An exact reprint of the listing is required, with no pictures included.

→ **Material provided**:
══════

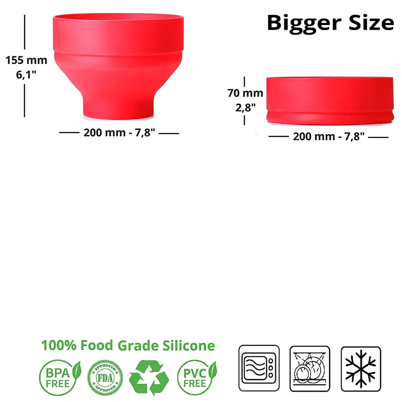 Introducing the Microwave Popcorn Bowl Bucket, a versatile and convenient silicone popcorn maker designed for easy use in your kitchen. This food-grade, foldable bowl allows you to make delicious popcorn quickly and effortlessly, making it a perfect addition to your snack time essentials.
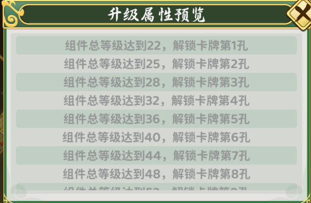 5. 每个单独组件每升级5级都可获得基础属性百分百加成,组件总等级达到22级后可开启卡牌孔
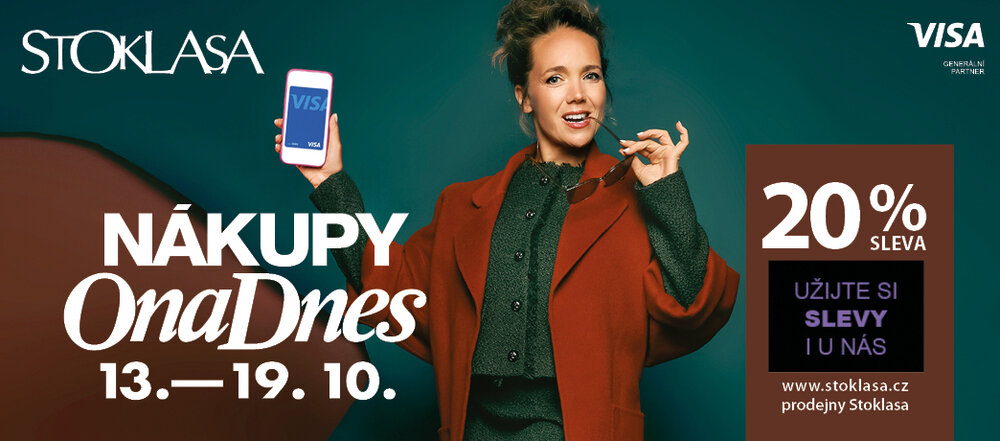 Využijte naši akci a s kupónem Ona Dnes získejte 20% slevu na nákup. Při platbě kartou VISA od nás navíc obdržíte dárek.
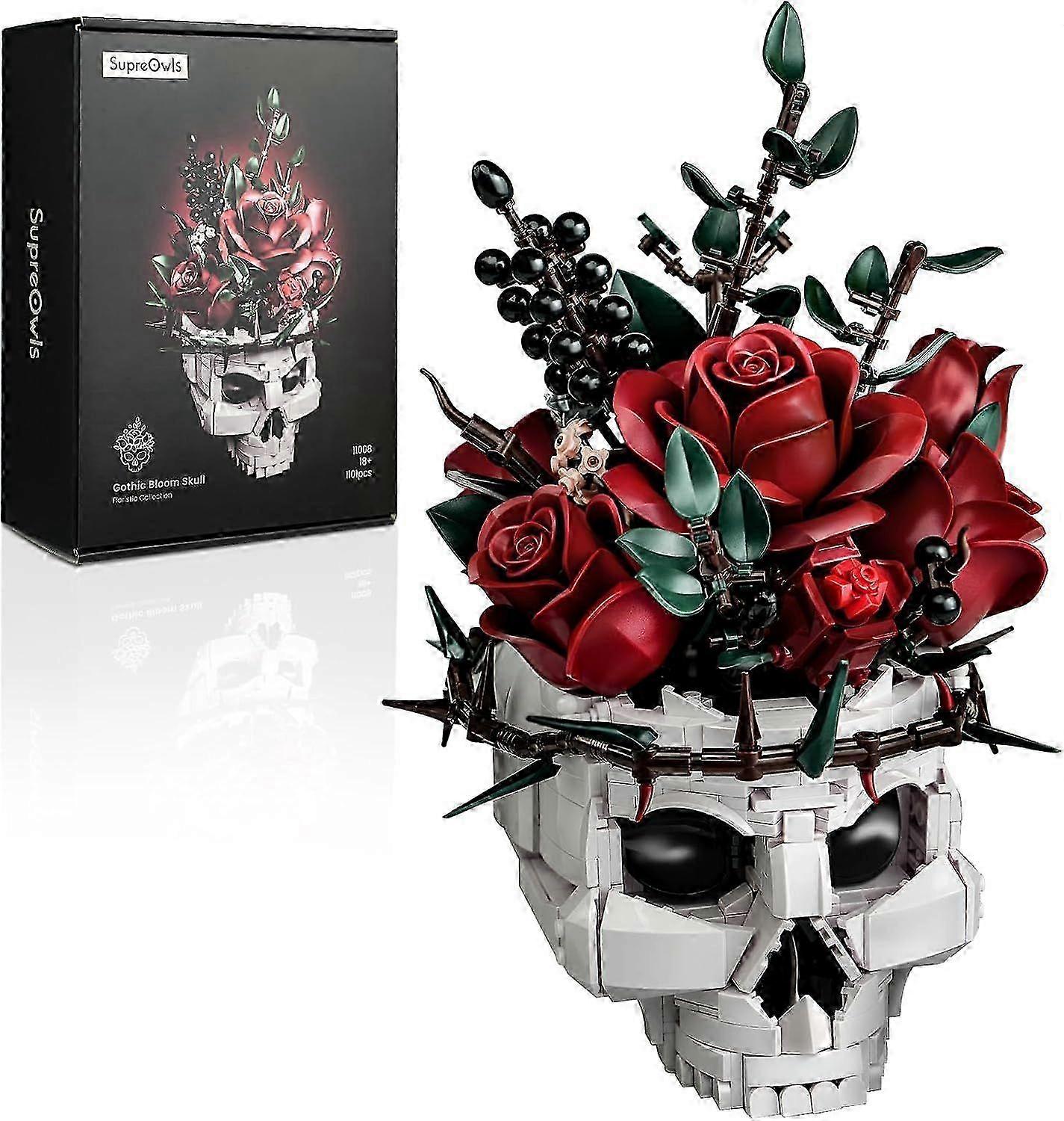 Red Rose Bouquet Building Set with Skull Vase Red Artificial Roses Gifts, Valentine's Day, Halloween, Gothic Home Decor 2025

══════

→ **Answer**:
 Introducing the Microwave Popcorn Bowl Bucket, a versatile and convenient silicone popcorn maker designed for easy use in your kitchen. This food-grade, foldable bowl allows you to make delicious popcorn quickly and effortlessly, making it a perfect addition to your snack time essentials.
 5. 每个单独组件每升级5级都可获得基础属性百分百加成,组件总等级达到22级后可开启卡牌孔
 Využijte naši akci a s kupónem Ona Dnes získejte 20% slevu na nákup. Při platbě kartou VISA od nás navíc obdržíte dárek.
 Red Rose Bouquet Building Set with Skull Vase Red Artificial Roses Gifts, Valentine's Day, Halloween, Gothic Home Decor 2025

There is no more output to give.